Exact reproduction of all the data is required, with pictures excluded.

— DATASET SECTION —
++++++++++

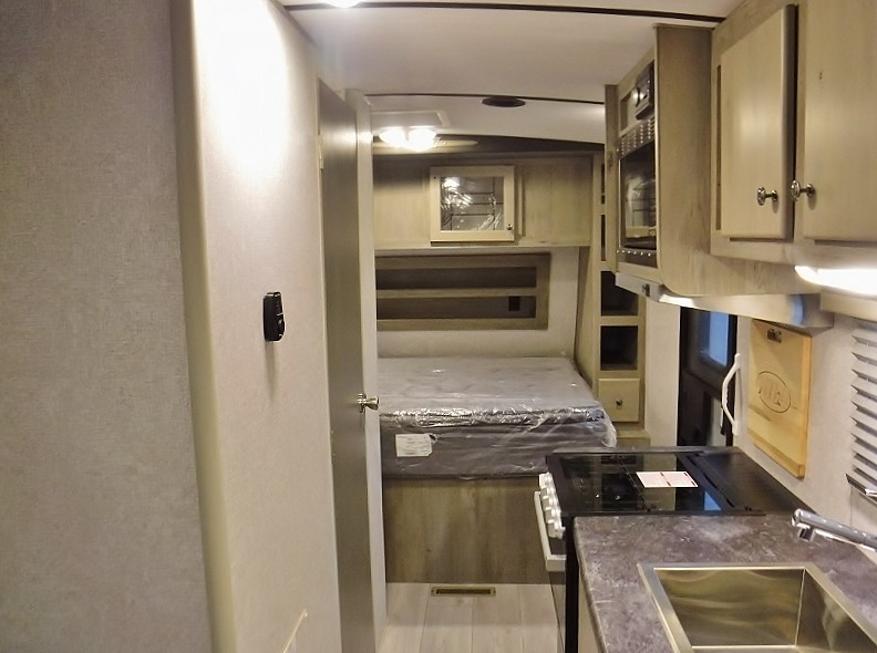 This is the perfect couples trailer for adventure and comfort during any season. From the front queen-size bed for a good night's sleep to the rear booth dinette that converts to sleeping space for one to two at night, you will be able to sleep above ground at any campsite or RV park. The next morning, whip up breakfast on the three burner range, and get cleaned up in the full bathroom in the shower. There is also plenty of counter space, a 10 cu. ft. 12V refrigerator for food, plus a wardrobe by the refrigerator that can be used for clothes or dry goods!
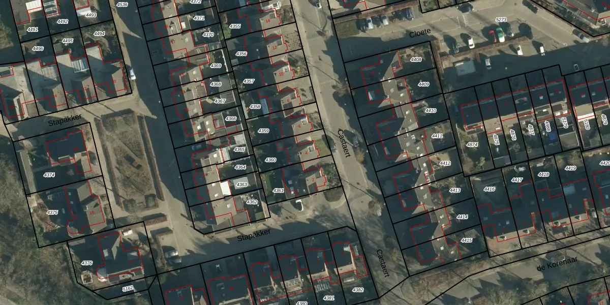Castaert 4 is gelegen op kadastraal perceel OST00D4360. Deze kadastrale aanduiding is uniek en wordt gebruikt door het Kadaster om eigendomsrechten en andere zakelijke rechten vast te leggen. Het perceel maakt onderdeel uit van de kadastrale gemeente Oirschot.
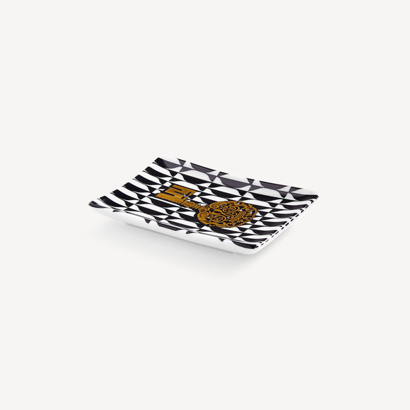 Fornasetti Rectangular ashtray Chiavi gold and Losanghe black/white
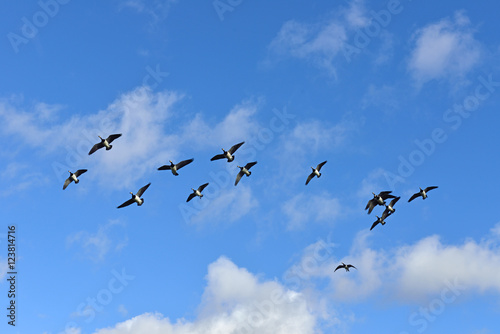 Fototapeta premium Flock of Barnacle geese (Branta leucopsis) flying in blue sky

++++++++++

— RESPONSE —
 This is the perfect couples trailer for adventure and comfort during any season. From the front queen-size bed for a good night's sleep to the rear booth dinette that converts to sleeping space for one to two at night, you will be able to sleep above ground at any campsite or RV park. The next morning, whip up breakfast on the three burner range, and get cleaned up in the full bathroom in the shower. There is also plenty of counter space, a 10 cu. ft. 12V refrigerator for food, plus a wardrobe by the refrigerator that can be used for clothes or dry goods!
Castaert 4 is gelegen op kadastraal perceel OST00D4360. Deze kadastrale aanduiding is uniek en wordt gebruikt door het Kadaster om eigendomsrechten en andere zakelijke rechten vast te leggen. Het perceel maakt onderdeel uit van de kadastrale gemeente Oirschot.
 Fornasetti Rectangular ashtray Chiavi gold and Losanghe black/white
 Fototapeta premium Flock of Barnacle geese (Branta leucopsis) flying in blue sky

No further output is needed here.